La laïcité est-elle un rempart contre l’altérité ? Le cas du Québec
Micheline Milot, professeure de sociologie, Université du Québec à Montréal
Au Québec, la notion de laïcité a été introduite dans l’usage social et la rhétorique politique très
récemment, en lien direct avec les accommodements raisonnables pour motifs religieux dans la
sphère publique (port du kirpan sikh et du voile musulman, etc). Face à l’altérité religieuse, la laïcité
apparaît à certains comme un outil d’interdiction, efficace et légitime, des manifestations de
l’appartenance religieuse en dehors de la sphère privée. Dès lors devenue objet de débat social, la
conception de la laïcité se montre néanmoins polymorphe. En effet, d’autres acteurs de la société
civile, des intellectuels et des politiciens considèrent que la laïcité est non seulement compatible
avec la liberté de manifester sa religion, mais en constitue la garantie.

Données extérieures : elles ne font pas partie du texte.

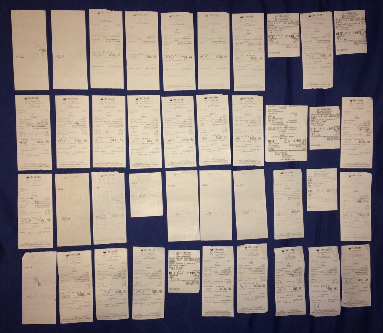 Во вторых, собственно, к теме. Как и было решено, в 2016 году я аккуратно собирал чеки с заправок и складывал их сюда. Получилось вот что:

Il est remarquable que la logique d’interdiction au Québec se calque parfaitement à la fois sur les
contraintes les plus strictes de la laïcité française et sur des argumentaires similaires faisant appel à
l’identité nationale et au patrimoine historique. Or, une telle application du principe de laïcité entre
en nette contradiction avec les instruments juridiques du Québec (et du Canada) et
l’instrumentalisation politique de la laïcité se trouve, quant à elle, en porte-à-faux avec la tradition
politique d’intégration et de reconnaissance des droits fondamentaux.

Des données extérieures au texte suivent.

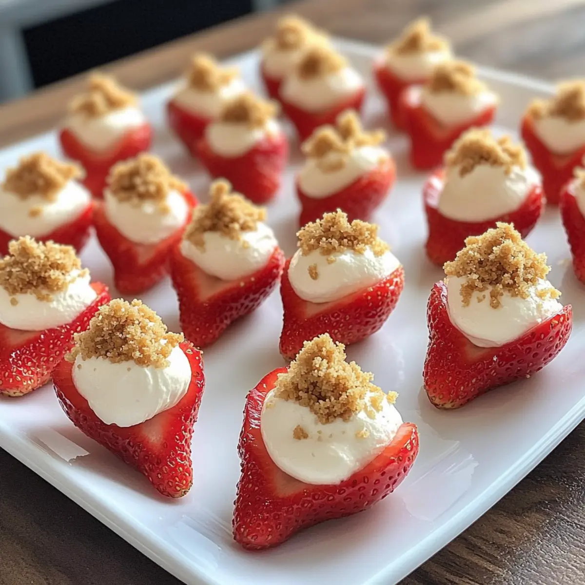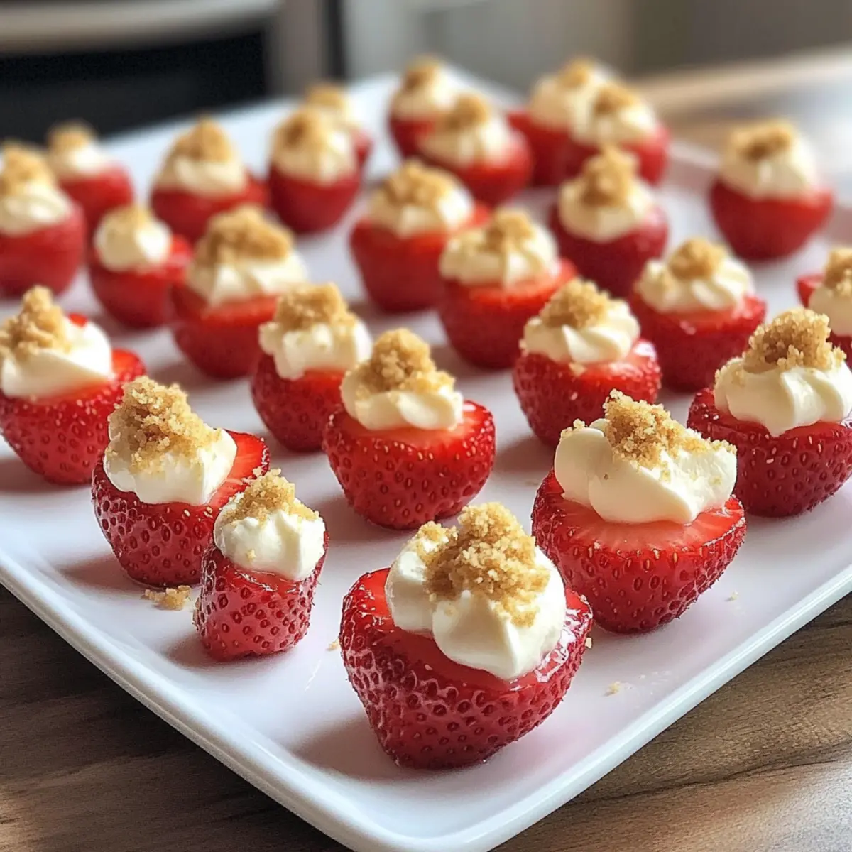 To finish off your deviled strawberries, sprinkle the tops of each filled half with graham cracker crumbs or crushed nuts for added texture and flavor. This not only enhances the presentation but also mimics the crust of a traditional cheesecake. Feel free to adjust quantities to achieve the desired balance of crunch and creaminess.

Laïcité et politique. Quelques considérations sur la politisation
contemporaine de la laïcité française
Philippe Foray, professeur d’université, Université Jean Monnet Saint-Etienne, ECP
La période récente a vu, en particulier à l'occasion des dernières échéances électorales, une forte
récupération du thème de la laïcité dans les discussions politiques. Que la laïcité ait une dimension
politique, c'est une évidence.
Mais cette récupération contemporaine et même cette instrumentalisation dit autre chose. D'une
part, elle a lieu à propos d'une confession particulière, l'islam. D'autre part, elle conduit certains à
l'affirmation d'une conception particulière, quasi "patrimoniale" de la laïcité, qui ne laisse pas
d'interroger. Le développement de l'islam en France nous ferait-il découvrir la laïcité "à la française"
sous un jour inattendu? "
L’imbroglio de la question laïque en France
Jacqueline Gautherin, professeur émérite, Université Lumière Lyon 2
La « question laïque », qui semblait s’être stabilisée en France après le refroidissement de la guerre
scolaire, ne cesse aujourd’hui de se réchauffer, de se déplacer, de se compliquer. Les terrains de
controverse se sont multipliés (outre l’école, les établissements publics et parfois privés, et ce qu’on
nomme communément « l’espace public »), ainsi que les objets de contestation (le hijab, le niqab, les
savoirs scolaires religieusement chauds, la viande halal, les marques des fêtes traditionnelles, la
mixité…) et les acteurs suscitant, alimentant les polémiques et se revendiquant de conceptions
divergentes de la laïcité.
Certes, la mobilisation d’un grand nombre d’acteurs confrontant diverses logiques de laïcisation n’est
pas nouvelle, comme le montrent, par exemple, les débats parlementaires qui ont précédé la loi de
1905. Celle-ci définit les rapports entre la République et les religions sous une forme à la fois libérale
et civique. Or on constate depuis quelques années plusieurs tentatives de redéfinition de la
laïcité (avec épithètes) : l’une s’appuie principalement sur un idéal de liberté de conscience ; une
autre s’efforce d’articuler cet idéal avec celui du respect des appartenances religieuses ; une autre
encore se fonde sur une conception quasi-jacobine bien commun… sans parler de la récupération
nationaliste de la thématique de la neutralité de l’Etat. Dans le même temps, la « question laïque »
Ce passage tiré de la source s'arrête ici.